● Task statement: Nothing but the records, transcribed verbatim and stripped of images, should appear in the answer.

● Items listed in a dataset:
◇ ◇ ◇

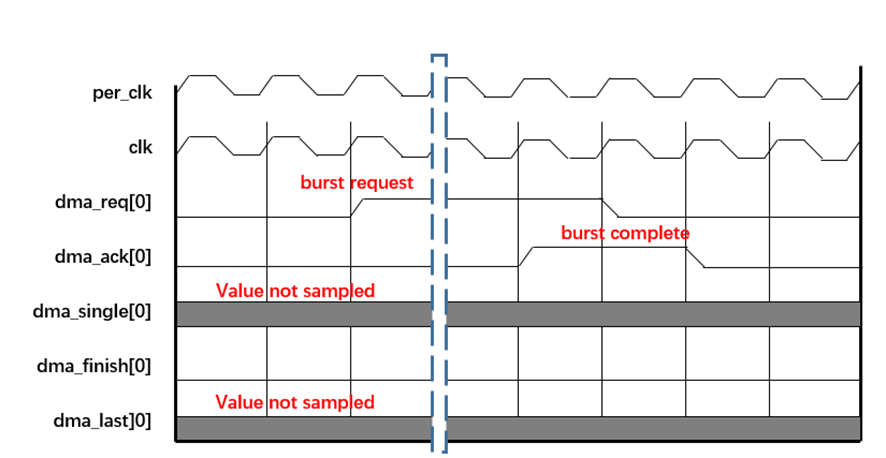 If the transfer data amount is unknown, the peripheral should be configured as the flow controller. The actual amount of data transferred is entirely determined by the peripheral. For example, when the DMA is used to receive variable-length data from a UART, the CPU does not know in advance how many bytes will be sent, so the UART peripheral should act as the flow controller. When a UART idle timeout or similar event occurs, the peripheral asserts the dma_last signal to the DMAC to terminate the current block transfer.
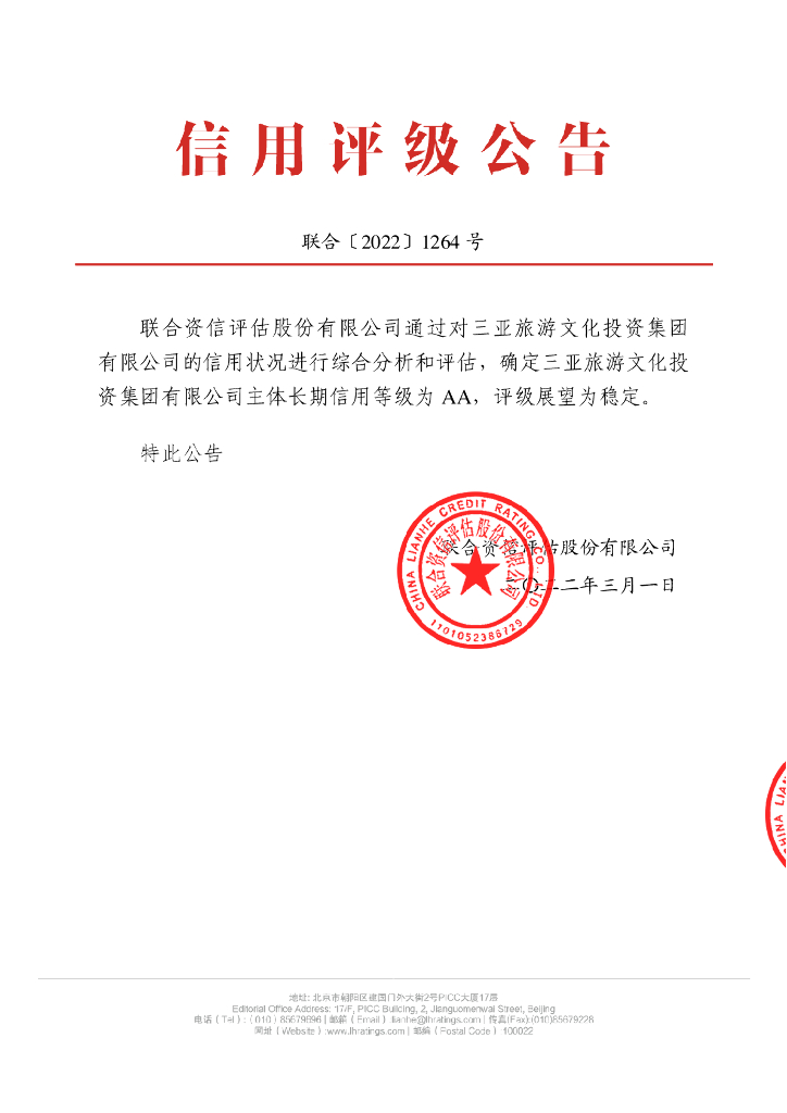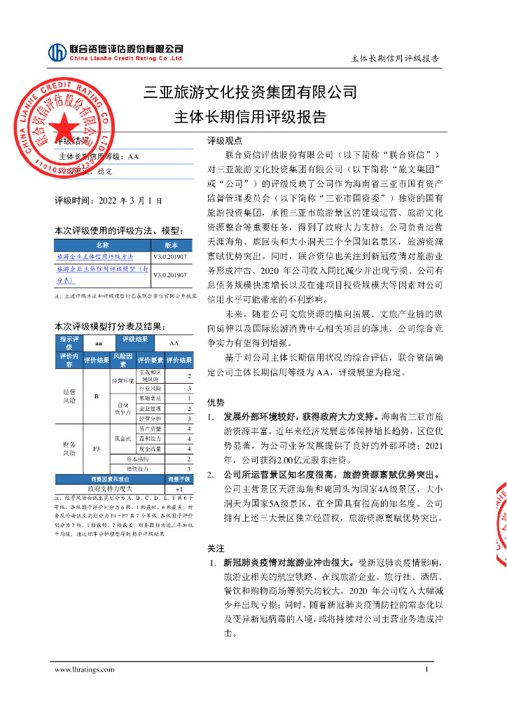 联合资信:三亚旅游文化投资集团有限公司主体长期信用评级报告.pdf
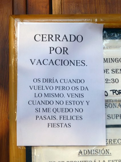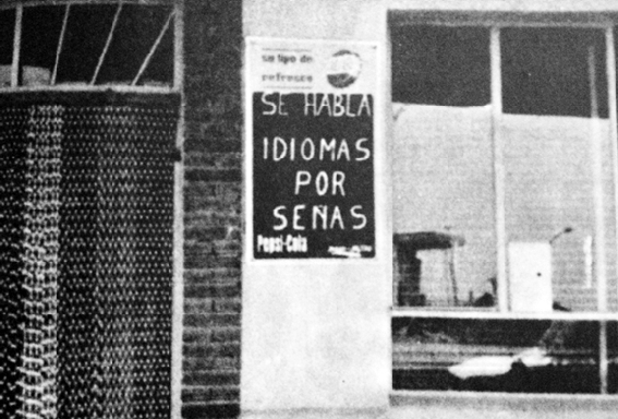Encontré este cartel, en enero de 2022, en el escaparate de un bar de Alcalá de Henares cuyo dueño, cabe suponer, procedía de este país sudamericano. Cuando lo vi me recordó la divertida fotografía que reprodujo Luis Carandell en su descacharrante Celtiberia Show, en la cual aparecía la pizarra de un bar donde se indicaba que allí se hablaba idiomas por señas.
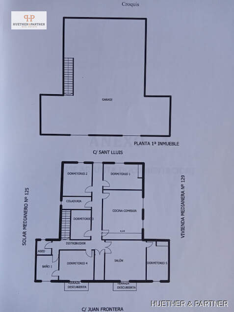 Das Haus verfügt über zwei geräumige Wohnzimmer mit offener Küchenzeile, die eine einladende Atmosphäre schaffen und ideal für gesellige Abende sind. Schlafzimmer. Insgesamt gibt es 5 Schlafzimmer, die ausreichend Platz für Familie und Gäste bieten. Zwei Badezimmer, eines mit Badewanne und das andere mit Dusche, sorgen für zusätzlichen Komfort. Weiter gibt es noch ein WC und Dusche im Hinterhof. Der Außenbereich bietet mehrere Terrassen und im Hinterhof ist viel Platz zum Entspannen und Genießen der mediterranen Sonne. Das Grundstück ist ringsherum begehbar, was zusätzliche Flexibilität und Privatsphäre bietet. Erweiterungsmöglichkeiten: Das Dachgeschoss kann noch ausgebaut werden, um zusätzlichen Wohnraum zu schaffen. Zudem bietet die Garage im Erdgeschoss Potenzial für eine Umgestaltung oder Erweiterung.
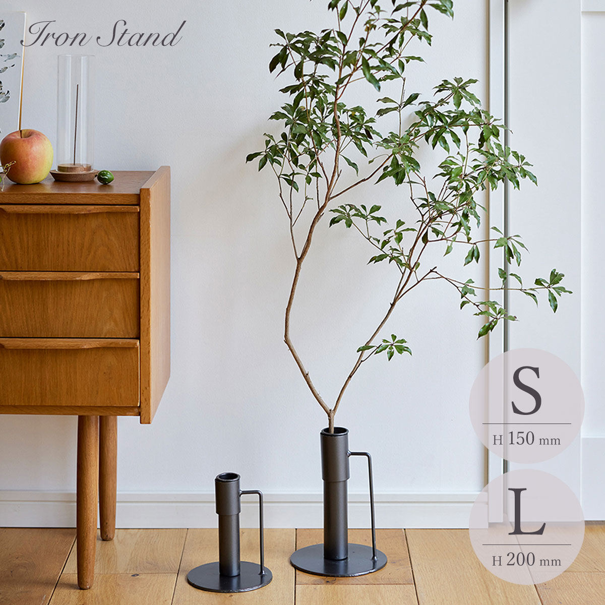 | 枝ものを活けて飾れるアイアンスタンド。 七夕の笹はもちろん、ドウダンツツジやスモークツリーを飾るのにぴったり。 冬にはモミの木のスタンドとしても◎ 一年を通して使っていただけます。 筒部分が取り出せるので、普段の水替えも簡単です。 筒部分を使わずにドライフラワースタンドとしても使用いただけます。

◇ ◇ ◇

● Answer space:
 If the transfer data amount is unknown, the peripheral should be configured as the flow controller. The actual amount of data transferred is entirely determined by the peripheral. For example, when the DMA is used to receive variable-length data from a UART, the CPU does not know in advance how many bytes will be sent, so the UART peripheral should act as the flow controller. When a UART idle timeout or similar event occurs, the peripheral asserts the dma_last signal to the DMAC to terminate the current block transfer.
 联合资信:三亚旅游文化投资集团有限公司主体长期信用评级报告.pdf
Encontré este cartel, en enero de 2022, en el escaparate de un bar de Alcalá de Henares cuyo dueño, cabe suponer, procedía de este país sudamericano. Cuando lo vi me recordó la divertida fotografía que reprodujo Luis Carandell en su descacharrante Celtiberia Show, en la cual aparecía la pizarra de un bar donde se indicaba que allí se hablaba idiomas por señas.
 Das Haus verfügt über zwei geräumige Wohnzimmer mit offener Küchenzeile, die eine einladende Atmosphäre schaffen und ideal für gesellige Abende sind. Schlafzimmer. Insgesamt gibt es 5 Schlafzimmer, die ausreichend Platz für Familie und Gäste bieten. Zwei Badezimmer, eines mit Badewanne und das andere mit Dusche, sorgen für zusätzlichen Komfort. Weiter gibt es noch ein WC und Dusche im Hinterhof. Der Außenbereich bietet mehrere Terrassen und im Hinterhof ist viel Platz zum Entspannen und Genießen der mediterranen Sonne. Das Grundstück ist ringsherum begehbar, was zusätzliche Flexibilität und Privatsphäre bietet. Erweiterungsmöglichkeiten: Das Dachgeschoss kann noch ausgebaut werden, um zusätzlichen Wohnraum zu schaffen. Zudem bietet die Garage im Erdgeschoss Potenzial für eine Umgestaltung oder Erweiterung.
 | 枝ものを活けて飾れるアイアンスタンド。 七夕の笹はもちろん、ドウダンツツジやスモークツリーを飾るのにぴったり。 冬にはモミの木のスタンドとしても◎ 一年を通して使っていただけます。 筒部分が取り出せるので、普段の水替えも簡単です。 筒部分を使わずにドライフラワースタンドとしても使用いただけます。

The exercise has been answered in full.